AIM OF THE EXERCISE — Here is the task for the records below: repeat exactly the lines from the one with "İslami Devlet terör" to the one with "12948615 Dax Landes", both included, and nothing else.
[[ RECORDS PROVIDED, beginning ]]
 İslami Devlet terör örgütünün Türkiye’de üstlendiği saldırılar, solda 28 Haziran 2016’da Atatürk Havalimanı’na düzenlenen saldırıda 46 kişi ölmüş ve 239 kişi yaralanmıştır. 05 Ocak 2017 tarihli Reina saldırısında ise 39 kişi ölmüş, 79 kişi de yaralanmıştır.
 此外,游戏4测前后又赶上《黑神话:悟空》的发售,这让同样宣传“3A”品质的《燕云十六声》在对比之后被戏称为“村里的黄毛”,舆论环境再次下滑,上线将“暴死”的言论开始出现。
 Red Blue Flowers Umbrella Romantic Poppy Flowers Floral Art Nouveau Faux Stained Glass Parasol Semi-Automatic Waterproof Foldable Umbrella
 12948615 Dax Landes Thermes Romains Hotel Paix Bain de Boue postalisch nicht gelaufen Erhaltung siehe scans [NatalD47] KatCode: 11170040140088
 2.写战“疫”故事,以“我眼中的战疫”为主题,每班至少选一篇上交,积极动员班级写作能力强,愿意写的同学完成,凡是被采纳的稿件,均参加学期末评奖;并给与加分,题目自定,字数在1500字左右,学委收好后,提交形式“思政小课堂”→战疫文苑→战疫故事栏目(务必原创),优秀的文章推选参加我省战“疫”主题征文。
[[ RECORDS PROVIDED, end ]]
[[ RECORDS PROVIDED, beginning ]]
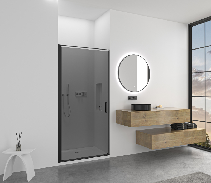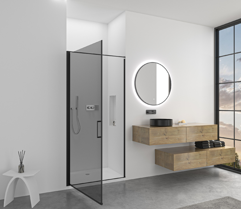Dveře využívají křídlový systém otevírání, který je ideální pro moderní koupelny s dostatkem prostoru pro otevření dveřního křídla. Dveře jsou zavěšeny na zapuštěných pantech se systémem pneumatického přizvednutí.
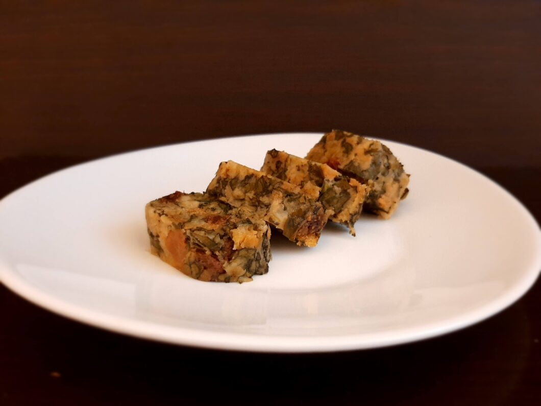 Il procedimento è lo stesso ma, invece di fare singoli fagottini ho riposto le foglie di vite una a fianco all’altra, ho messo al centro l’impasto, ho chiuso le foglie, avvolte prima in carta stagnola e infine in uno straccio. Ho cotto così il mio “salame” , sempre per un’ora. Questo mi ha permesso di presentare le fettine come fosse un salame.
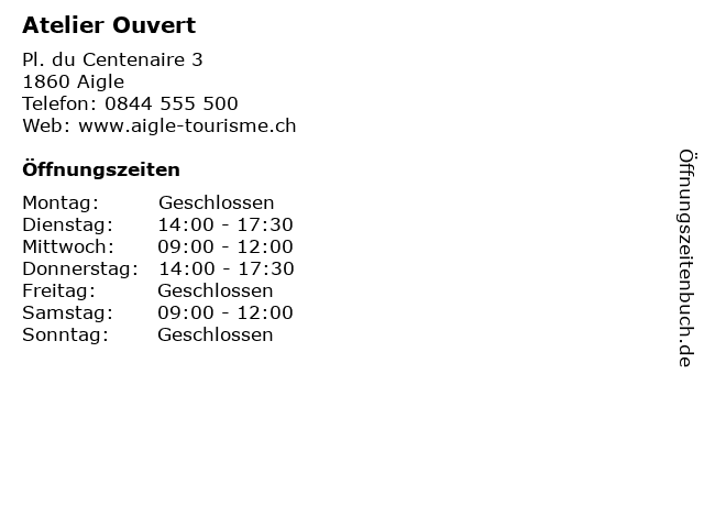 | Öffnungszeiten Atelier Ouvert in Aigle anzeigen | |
[[ RECORDS PROVIDED, end ]]
ANSWER SECTION —
 İslami Devlet terör örgütünün Türkiye’de üstlendiği saldırılar, solda 28 Haziran 2016’da Atatürk Havalimanı’na düzenlenen saldırıda 46 kişi ölmüş ve 239 kişi yaralanmıştır. 05 Ocak 2017 tarihli Reina saldırısında ise 39 kişi ölmüş, 79 kişi de yaralanmıştır.
 此外,游戏4测前后又赶上《黑神话:悟空》的发售,这让同样宣传“3A”品质的《燕云十六声》在对比之后被戏称为“村里的黄毛”,舆论环境再次下滑,上线将“暴死”的言论开始出现。
 Red Blue Flowers Umbrella Romantic Poppy Flowers Floral Art Nouveau Faux Stained Glass Parasol Semi-Automatic Waterproof Foldable Umbrella
 12948615 Dax Landes Thermes Romains Hotel Paix Bain de Boue postalisch nicht gelaufen Erhaltung siehe scans [NatalD47] KatCode: 11170040140088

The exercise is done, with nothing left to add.